Andy Fisher, spokesman for Sen. Richard Lugar, R-Ind., committee chairman, said he has heard no complaints from senators since hearings late last year.
"There is a requirement for that kind of presence at this time in Iraq," he said, noting conditions have made the security force at the embassy necessary. "I have heard no one in the Congress question having a large embassy for some time in Iraq."
But Rep. Ron Paul, R-Tex., the U.S House's lone libertarian, has criticized the size, scope and seeming permanency of the embassy, said his spokesman Jeff Deist.
"All of this indicates that we are farther and farther from leaving," he said.
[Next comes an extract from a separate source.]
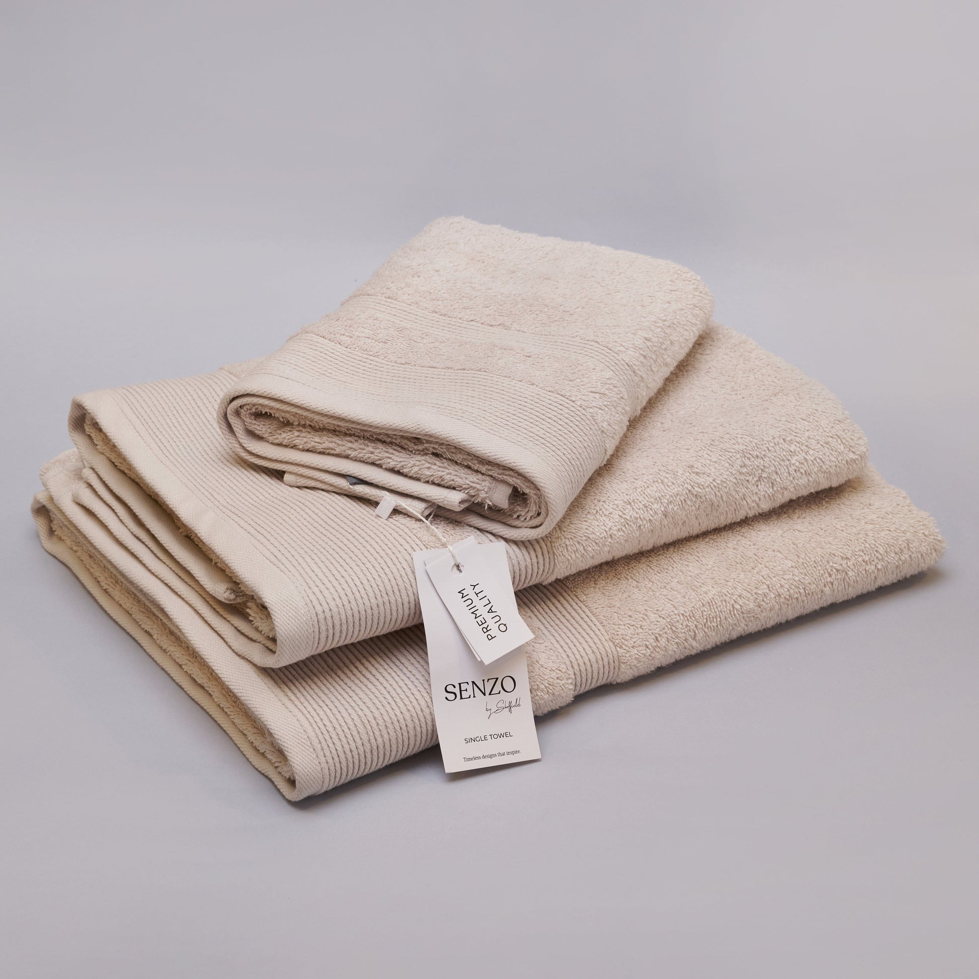 Senzo - Bath Towel Set 3 Pieces - Beige - 100% Egyptian Cotton

"A lot of people think this is good, and the modern realities in a dangerous country call for it," Deist said of the large security force and fortified compound. "But why do we need to build a fortress if we believe we're building this peaceful, democratic society?"
Others say it is not only the size of the compound, but the location — smack in the middle of two business districts in Baghdad, in the Green Zone, among former dictator Saddam Hussein's legendary palaces — is a disruption for Iraqis as well as an eyesore and symbol of foreign influence in their fledging sovereign state.
"It's ridiculous," said American Enterprise Institute scholar Michael Rubin, a former consultant to the interim Coalition Provisional Authority, of the new embassy.
Rubin said he believes that the "smaller is better and small is more effective," and that the millions of dollars for the construction could go instead to aid for the Iraqis.
"If the State Department is trying to encourage commerce, then building [the embassy] in the very place that will guarantee to disrupt commerce" is counterproductive, he added.
If building such a large compound is inevitable, he said, then "you put it on the outskirts of the city where it won't annoy people."
Higgins, the State Department spokesman, defends the size, saying most of the 5,747-employee roster at the new embassy are from other U.S agencies — like the departments of Justice, Defense and Commerce — and would be there temporarily, assisting reconstruction and security efforts.
"I wouldn't read too much into the size other than the specifics I mentioned," Higgins added.
How big and how permanent the U.S. footprint in Iraq should be continues to be the ever looming question in Washington, D.C.
Recent reports have cited the construction of four "super bases" in Iraq, and military officials have said these large installations will eventually replace the smaller ones across the country, consolidating facilities for the time the U.S. military is needed there. Critics fear they will be there forever.
John Pike, head of GlobalSecurity.org, said however one feels about the war, the embassy and the bases are now necessary to finishing the job. Thousands of military and civilian personnel are needed to help maintain security and help the Iraqis get a functional, fair government on its feet.
"We've got to put them somewhere … I mean, I think we're going to have a large presence there for some time to come," he said. As for the fortified embassy, he added, "with the security situation as such, you're not going to be able to lease office space down some side street. It's as simple as that."
But critics wonder how effective U.S. diplomats will be so cut off from the rest of the population — much like they are now in the heavily fortified Green Zone, four square miles now known as the "International Zone."
"When I was out there in 2003, there was a great deal of concern about us not being accessible to ordinary Iraqis," said Katulis, who worked in Iraq as a consultant for the National Democratic Institute for International Affairs. "You have to wonder how [the Iraqis] are perceiving this project."